KATHMANDU: The government has reignited the process of distributing new stock exchange licenses for private sector investment, marking a significant development in Nepal’s securities market. This process, delayed for years due to disputes and allegations of manipulation, gained momentum following the recent appointment of Santosh Narayan Shrestha as Chairman of the Nepal Securities Board. Approximately three weeks after Shrestha’s appointment, the Cabinet decided to forward a previously prepared study committee report on new exchange licenses to the Ministry of Finance for further review.
This decision has sparked mixed reactions. While some interpret it as a directive for implementation, others see it as an attempt to sideline the report entirely. Notably, the report had not reached the Finance Ministry by Monday’s office hours, raising questions about the government’s intentions.
A History of Controversy and Allegations
The process of distributing new stock exchange licenses has been fraught with controversy. Critics allege that the Nepal Securities Board was influenced by intermediaries, leading to accusations of institutional corruption and financial manipulation. In 2080 BS (2023 AD), then-Prime Minister Pushpa Kamal Dahal halted the process following protests in both parliament and on the streets. The protests stemmed from claims that the license distribution process favored certain business houses, undermining the integrity of the securities market.

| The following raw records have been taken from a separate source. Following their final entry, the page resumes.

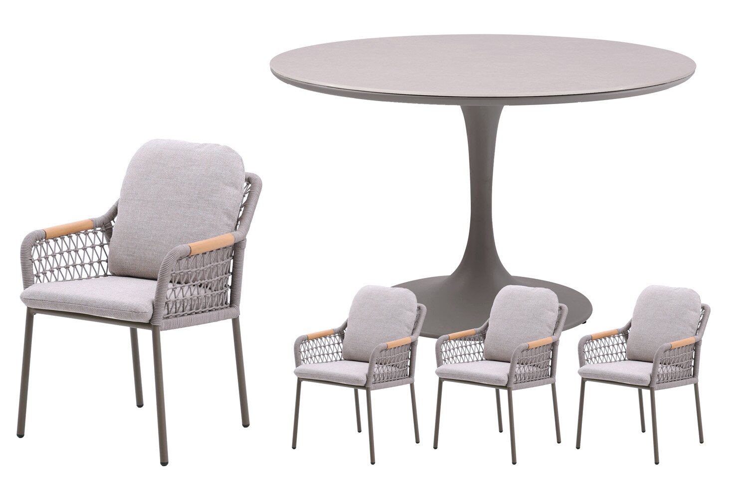 Royal seasons® Bari ronde dining set voor 4 personen is verkrijgbaar bij onze exclusieve dealers. Royal Seasons biedt u een uitgebreid assortiment tuinmeubels van hoge kwaliteit. Voorheen kende u Royal Seasons als Seat Tuinmeubels. Deze naam voeren wij sinds 2016 niet meer actief: u zult dus alleen nog Royal Seasons tegenkomen in onze showrooms. Seat Tuinmeubels verdwijnen vanaf 2017 helemaal uit onze showrooms.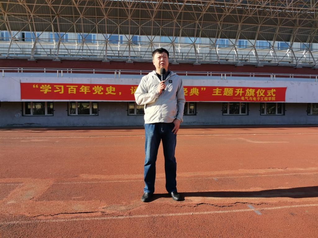 会议第三项:我院党委副书记矫东海发表重要讲话表达了同学们学党史的同时需坚定信念,在党的正确领导下,实现中华民族的伟大复兴。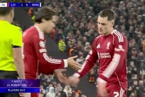 利物浦再做調整,維爾茨、羅伯遜被換下,凱爾凱茲、基耶薩登場

Former Securities Board Chairman Ramesh Hamal initiated the licensing process by amending the *Securities Market Operation Regulations, 2064*, allowing private limited companies to invest in stock exchanges. This move, which deviated from international standards, drew criticism for increasing the investment cap from 10 percent to 15 percent of the total share capital. Previously, only banks, financial institutions, securities dealers, and listed organizations were permitted to invest in the securities market.
Concerns Over Conflict of Interest
Experts argue that allowing private limited companies to invest in stock exchanges could lead to conflicts of interest, particularly as business houses often have stakes in banks, financial institutions, and insurance companies. Former Chairman Revat Bahadur Karki emphasized the need for regulatory safeguards to prevent undue influence. “In most countries, a single company cannot hold more than 7 percent of a stock exchange’s total share capital,” he pointed out, adding that Nepal’s new policy deviates from this global standard.
The Nepal Rastra Bank has long advocated for the separation of banking and business interests to prevent conflicts, a concern echoed in the ongoing debate over stock exchange licenses. Critics argue that the increased investment cap and broader eligibility criteria could undermine the securities market’s credibility and stability.
The Path Forward
While the government’s decision to resume the licensing process is seen as a step toward revitalizing the securities market, the move also underscores the need for transparency and adherence to international best practices. The Securities Board faces the challenge of balancing private sector involvement with the need to maintain a fair and competitive market environment.
As the Ministry of Finance reviews the study committee’s report, stakeholders and experts alike will closely monitor the developments, hoping for a resolution that fosters growth, competition, and integrity in Nepal’s stock exchange landscape.